The problem is that "eventually" can be a really long time: Years or even decades. (The Piltdown Man hoax wasn't exposed for forty years.) In the meantime, bad science will confuse the analysis, corrupt the textbooks, and injure the careers of a few unlucky grad students. It will waste a great deal of time and money, perhaps that of the most prominent people in the field.
For example, when cold fusion hit in 1989 dozens of scientists dropped everything for at least six months to try and replicate it. Millions of dollars were spent. Obviously, while those folks were tinkering with cold fusion they weren't tinkering with anything more interesting or useful.

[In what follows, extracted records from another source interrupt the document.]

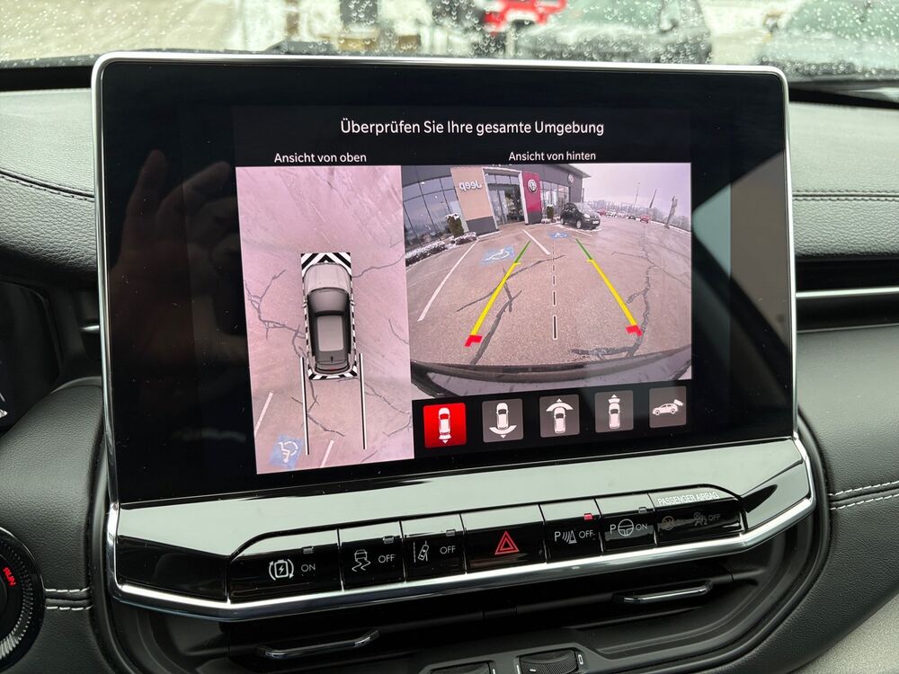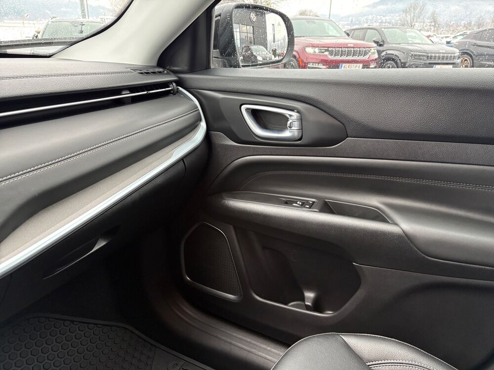 Multimedia-Schnittstelle (USB / AUX-IN / SD-Karten-Schnittstelle), Auspuffendrohr verchromt, Ausstattungs-Paket: Mopar Connect, Globale Telematic Box, Außenspiegel dunkelgrau, Dach schwarz lackiert, Dachhimmel dunkel, Fahrassistenz-System: Park-Assistent, Parkpilotsystem vorn und hinten, Frontkamera, Fahrassistenz-System: Überschlag-Schutzsystem (ERM), Fensterzierleisten schwarz, Fußmatten, Heckscheibe heizbar, Heckscheibenwischer, Induktionsladeschale für Smartphone, Innenraumfilter: Pollenfilter, Kopfstützen hinten, Ladekabel mit Schukostecker (Mode 2), Audiobedienung am Lenkrad, Lenksäule (Lenkrad) mechan. verstellbar, Mobile Online Dienste Live Service, Modellpflege, Motor 1,3 Ltr. - 96 kW Turbo Hybrid, Hybrid 140 kW (Motor 1,3 Ltr. - 96 kW), Nebelschlussleuchte, Parkbremse elektro-mechanisch, Radiovorbereitung, 6 Lautsprecher, Radstand 2636 mm, Reifen 235/55 R18 ...V, Reifen-Reparaturkit, Schadstoffarm nach Abgasnorm Euro 6d, Scheibenwischer beheizbar, Sicherheitsgurte vorn höhenverstellbar, Sitz vorn links höhenverstellbar, Sitz vorn links verstellbar (6-fach), Sitz vorn rechts verstellbar (4-fach), Sitzbezug / Polsterung: Stoff / Vinyl, Sitzlehne vorn rechts klappbar, Sonnenblenden mit Spiegel (beleuchtet), Steckdose 12V-Anschluß, Steckdose 12V-Anschluß im Gepäckraum, Steckdose 230V, Türgriff außen Wagenfarbe, Zentralverriegelung.
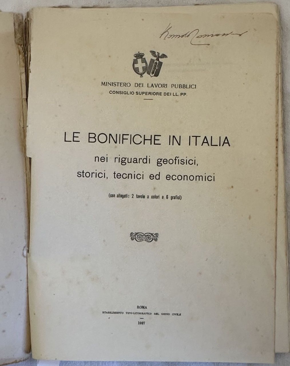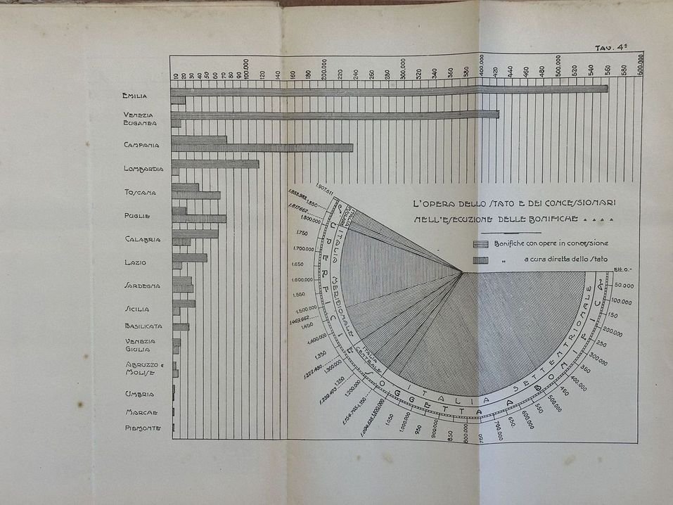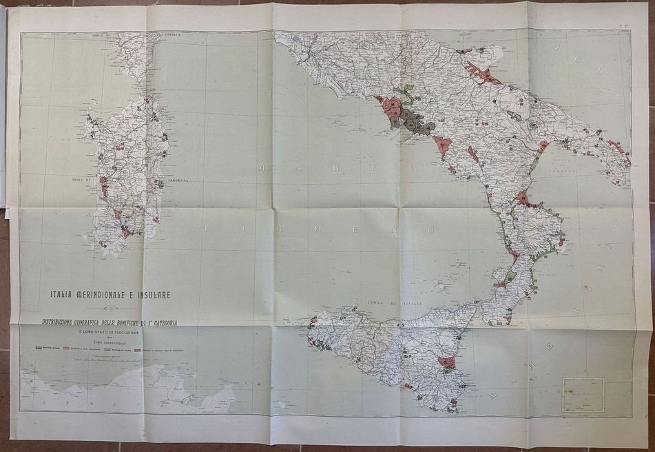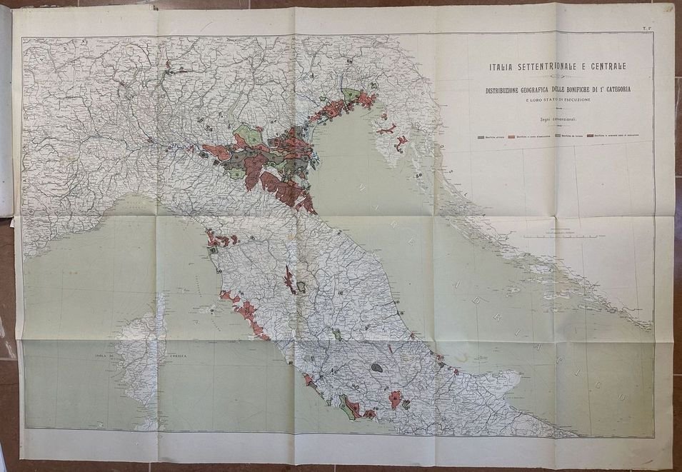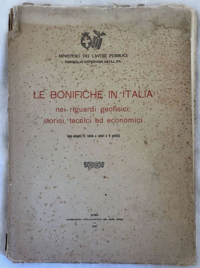 Interessante volume del 1927 sulle bonifiche in Italia nei riguardi geofisici storici tecnici ed economici edito dal Ministero dei lavori pubblici. All'interno: Distribuzione geografica delle bonifiche di prima categoria nel Regno, Origine geofisica dei terreni paludosi, Opere di bonifica più importanti dell'antichità del medico evo e dell'evo moderno, Attività e provvedimenti del Governo Italiano, Risultati ottenuti nell'Italia Settentrionale, Risultati ottenuti nell'Italia Centrale, Risultati ottenuti nell'Italia Meridionale ed Insulare ecc. Alla fine otto tavole ripiegate alla fine, qualcuna a colori. In buone condizioni. Copertina editoriale in discrete condizioni generali con lievi usure ai margini e dorso. Legatura in discrete condizioni con lievi rotture. Pagine in buone condizioni con rare fioriture. In folio. Dim. 33,5x24 cm. Pp. 61+(3)+8 pl. Interesting volume of 1927 about drainage in Italy about geophysicial hystorical technical and economical aspects edited by Ministero dei lavori pubblici. At the end eight folded plates at the end, some are coloured. In good conditions Editorial cover in fair general conditions lightly worn in the extremities. Binding in fair conditions with light cracks. Inside pages are in good conditions with occasional foxing. In folio. Dim. 33,5x24 cm. Pp. 61+(3)+8 pl.
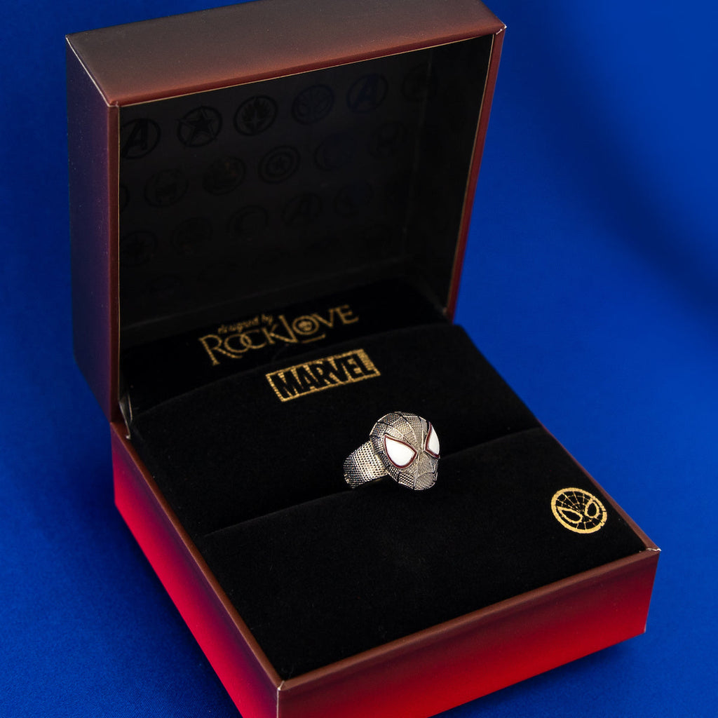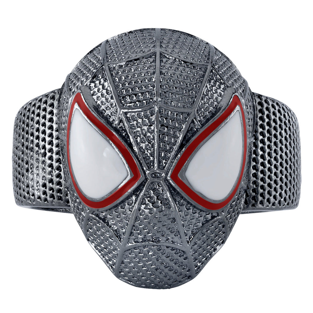 Handcrafted in sterling silver and plated in gleaming black rhodium, this unisex ring depicts the Spider-Man mask of Miles Morales. Reminiscent of his technologically advanced suit made from The Underground’s programmable matter, the ring features pixel-like texture all around the face and ring band, with raised web details. The mask’s eyes are accentuated by dark red and white hand-painted enamel. Sculpted along the ring band in raised lettering: “Miles Morales.” Three-dimensional, the domed mask is hollowed beneath to be lightweight and comfortable for everyday wear.
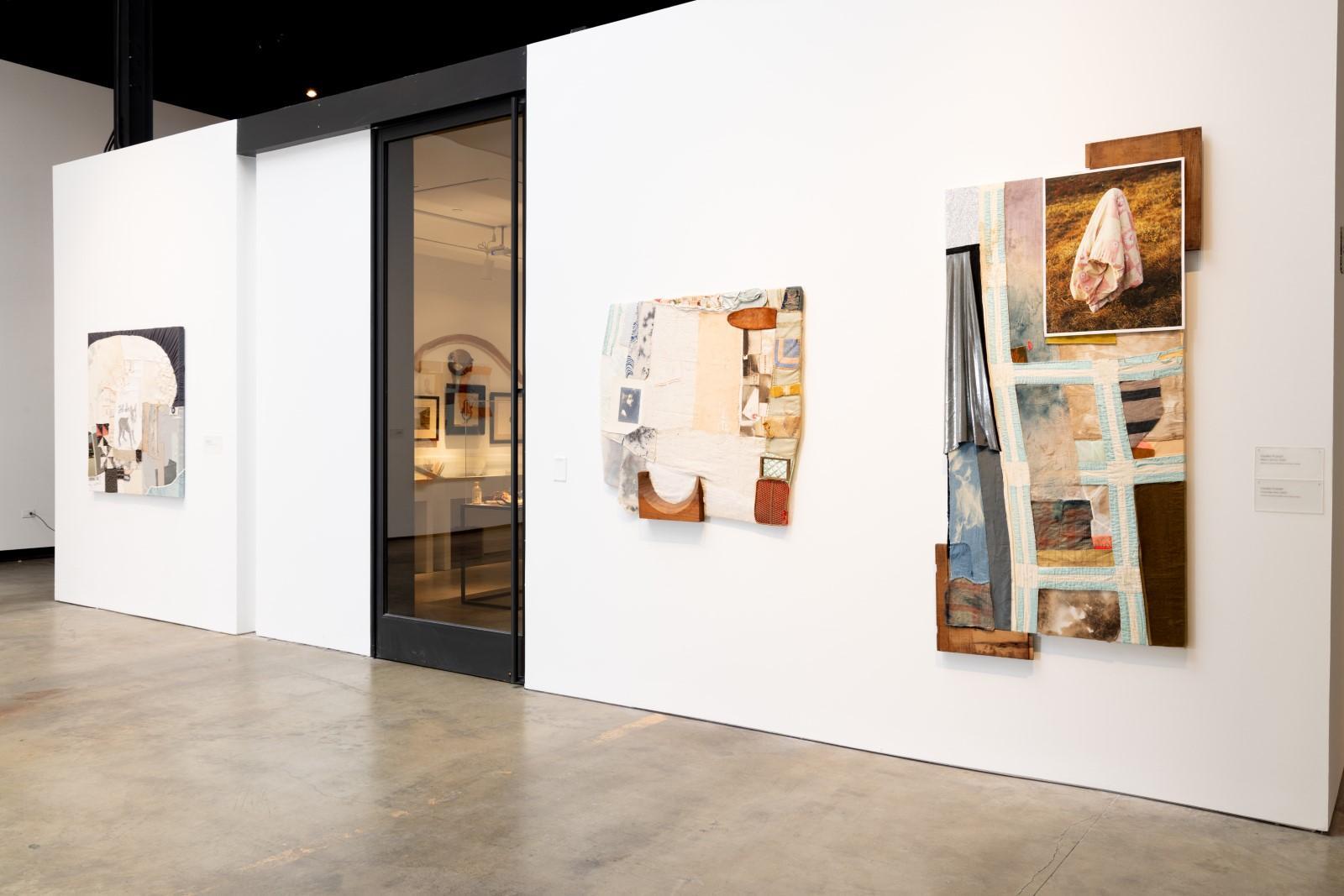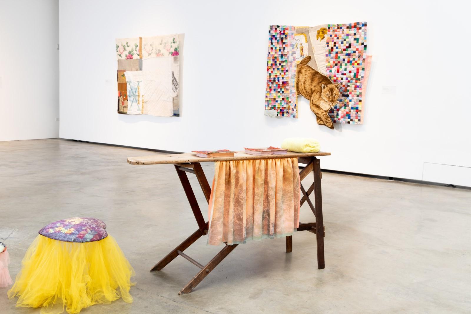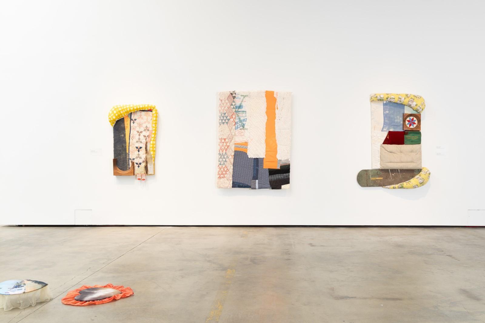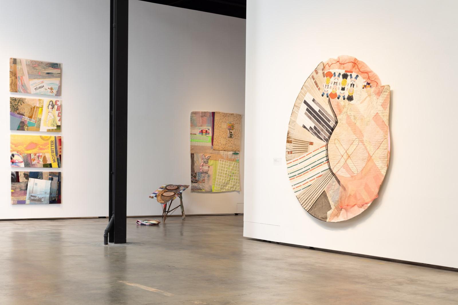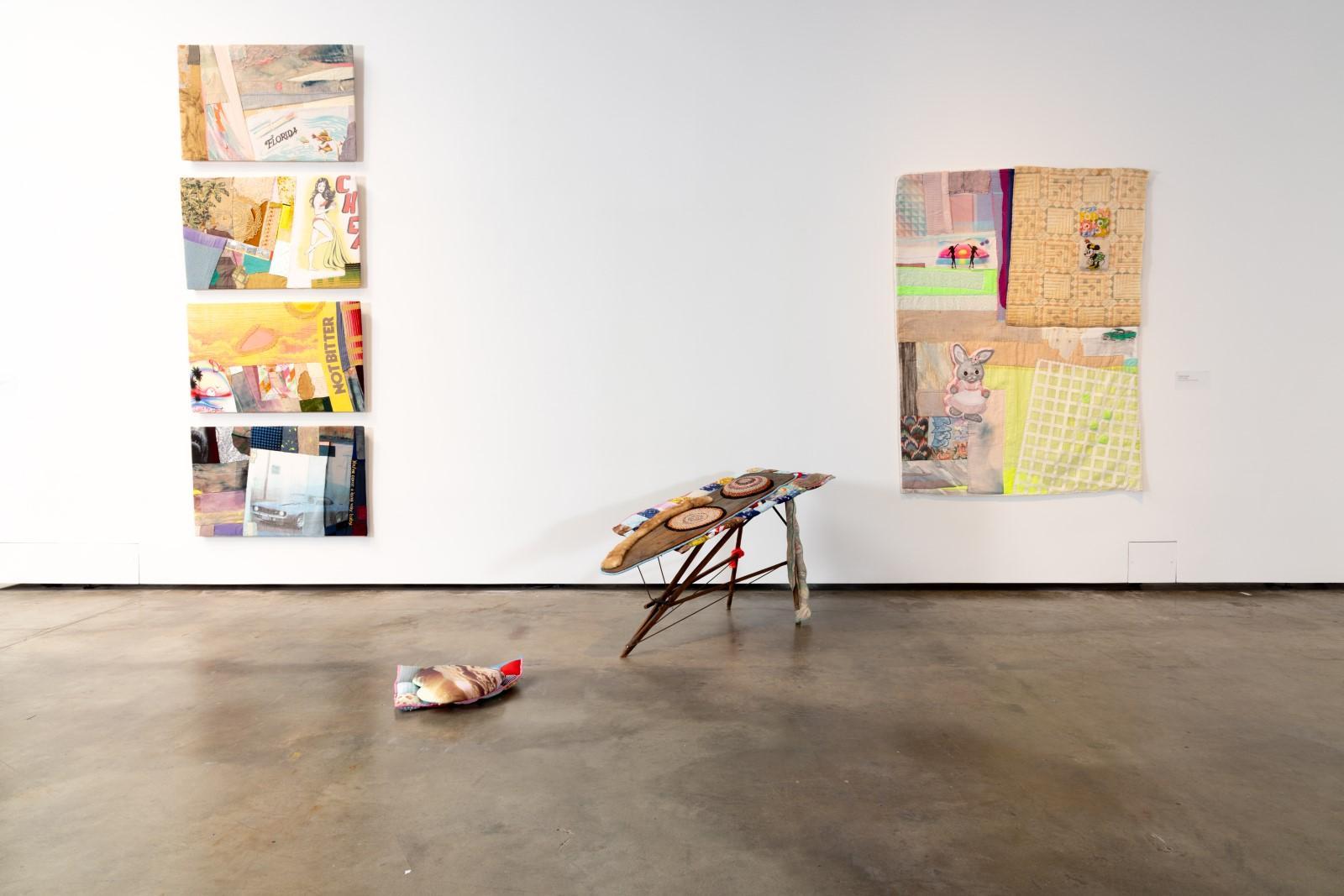 The quilted wall works and sculptures of the exhibition act as open-ended narrative

We've made a lot of progress since Galileo, the frontier has moved a long way, so it takes more than a couple of pendulums to replicate most modern scientific papers. It could take half a decade, the entire productive career of one or two grad students, an entire research grant, a lab full of equipment, and the lives of two hundred mice just to replicate one paper. So the mutual trust is essential for speed: You have to be able to gamble your time on the results of other people's experiments with some hope of a positive return [1], or the speed of science slows down to the speed of one person's work. (Even that could work - you can discover things even as a sole practitioner - but it would be incredibly slow. Particularly because a scientist working without good criticism will make mistakes, lots of them.)
---
[1] The return will never be 100%. One of the things that disturbed me as a physicist switching to biology was that even the best biology papers are inevitably riddled with likely sources of error: The subject is just too complex to control everything perfectly. There are, for example, systematic sources of error that underlie entire fields, like the fact that most results are tested either on one highly inbred species of lab animal or on lines of human cells that have been selected to thrive well in dishes, and which are therefore, at some level, unlike any cells seen in any living human. So, science is inevitably a kind of gambling: Will you see consistent and useful results from this particular corner of experiment space? If the thing kills cancer in the dish, will it work in mice? if it works in mice, will it work in humans? if it works for 10% of humans, will it work for 40%? You gamble and you hope. You hope that you aren't wasting your grant, your career, or your entire field. The good news is that we do tend to win, in the long run, but anything that improves the odds on the bet is helpful.